The fascist groups and the Lega/neo-fascist Fratelli help to ‘normalise’ fascism and are in a symbiotic relationship. For instance, Forza Nuova security teams help police the rallies of the two big parties. Activists go back and forth so we find that an ex fascist joins the Lega, becomes a councillor and then is involved in some violent attack on a migrant. Fascists come off and on the electoral lists of the more mainstream parties. In turn, the open fascists are in the leadership of the big football supporter gangs (the tifosi) which help bring in funds and muscle. Even here the lines are muddied since Salvini has a notorious connection with one of the Milanese tifosi groups.

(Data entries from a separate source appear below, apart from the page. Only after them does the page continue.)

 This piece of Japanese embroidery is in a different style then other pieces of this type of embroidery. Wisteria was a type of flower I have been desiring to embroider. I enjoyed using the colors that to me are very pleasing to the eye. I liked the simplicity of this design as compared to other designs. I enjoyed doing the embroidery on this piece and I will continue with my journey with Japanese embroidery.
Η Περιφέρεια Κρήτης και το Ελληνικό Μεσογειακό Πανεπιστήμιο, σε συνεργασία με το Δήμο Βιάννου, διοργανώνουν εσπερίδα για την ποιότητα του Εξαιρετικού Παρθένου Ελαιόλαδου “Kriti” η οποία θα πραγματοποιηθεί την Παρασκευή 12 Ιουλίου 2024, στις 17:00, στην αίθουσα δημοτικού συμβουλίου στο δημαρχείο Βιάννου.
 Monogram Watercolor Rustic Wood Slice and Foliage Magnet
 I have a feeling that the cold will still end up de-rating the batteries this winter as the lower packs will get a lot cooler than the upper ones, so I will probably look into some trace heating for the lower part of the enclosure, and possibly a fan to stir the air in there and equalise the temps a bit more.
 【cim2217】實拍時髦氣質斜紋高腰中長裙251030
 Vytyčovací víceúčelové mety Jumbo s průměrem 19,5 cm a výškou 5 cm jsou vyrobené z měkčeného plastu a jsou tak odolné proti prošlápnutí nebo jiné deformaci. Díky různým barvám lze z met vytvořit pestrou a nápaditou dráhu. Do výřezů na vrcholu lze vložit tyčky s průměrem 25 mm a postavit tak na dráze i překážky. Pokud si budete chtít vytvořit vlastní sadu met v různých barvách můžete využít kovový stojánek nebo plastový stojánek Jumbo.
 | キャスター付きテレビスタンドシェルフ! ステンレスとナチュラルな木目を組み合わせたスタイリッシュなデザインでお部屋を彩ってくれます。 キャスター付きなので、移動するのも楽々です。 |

Years of defeat and retreat of the labour movement and the decline of an anti-capitalist left has left an opening for fascist ideas among angry and demoralised people, particularly the young. With the implosion and institutionalisation of the Five Star movement, the terrain is even more favourable for reactionary ideas to take hold. A big increase in poverty and the Covid pandemic has increased the audience for right-wing and racist populism. Anti-vax sentiment has been stronger in Italy than elsewhere and the fascists and hard right are also riding that tiger. A victory for the right-wing coalition in the next general election could further embolden them.